Um fator engraçado de se observar na produção é que ela acaba sendo completamente diferente de tudo que já vimos em filmes britânicos, pois os filmes acabam geralmente mostrando favelas e lugares bem barra pesada, ou já vão direto para o lado luxuoso e próximo da realeza que diversos filmes acabam focando, e aqui vemos pessoas normais, em lugares comuns e bem simples, vivendo, trabalhando em fábricas e construções, com os mercadinhos de esquina e tudo bem próximo de uma realidade que conhecemos bem, ou seja, nos vemos um pouco também dentro do ambiente que o diretor acaba mostrando, e que certamente foi um grande ponto exigido para com a equipe de arte, e que mesmo não transformando o longa numa super produção, acaba sendo impecável e bem interessante de ver. A fotografia trabalhou em todas as cenas com um tom abaixo do padrão, para criar um ambiente mais frio em que as atuações acabassem tendo peso maior nas cenas, e isso funcionou bem, pois poderíamos sim ter um longa esperançoso com tons alegres, ou algo bem melodramático com tons pastéis e tristes, mas trabalhando no meio tom, a trama acaba sendo real e íntegra de se ver.
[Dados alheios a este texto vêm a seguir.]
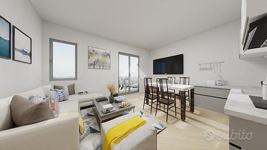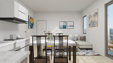 L'appartamento è composto da un ingresso, ampia zona giorno con angolo cottura, camera da letto matrimoniale, bagno finestrato, ripostiglio e balcone .

Enfim, é um filme cru, polêmico, muito bem feito e que vale demais ser visto por todos, pois como disse reflete bem o momento em que estamos vivendo com as mudanças nas aposentadorias e direitos trabalhistas no Brasil, onde veremos que não é um problema exclusivo nosso, mas muito mais do que isso, a trama por ser real e interessante acaba ganhando nuances diferentes ao transbordar diversos sentimentos no público que acaba assistindo o longa, pois jamais esperaria sentir tudo o que senti nos 100 minutos de projeção. Bem é isso pessoal, fico por aqui agora, mas volto em breve com a última estreia que apareceu por aqui, então abraços e até mais.
PS: Só não estou dando uma nota maior, pelas falhas expressivas nos personagens coadjuvantes e até mesmo alguns quase figurantes, que pareciam nem saber para onde olhavam, pois do restante o longa valeria até mais do que 10.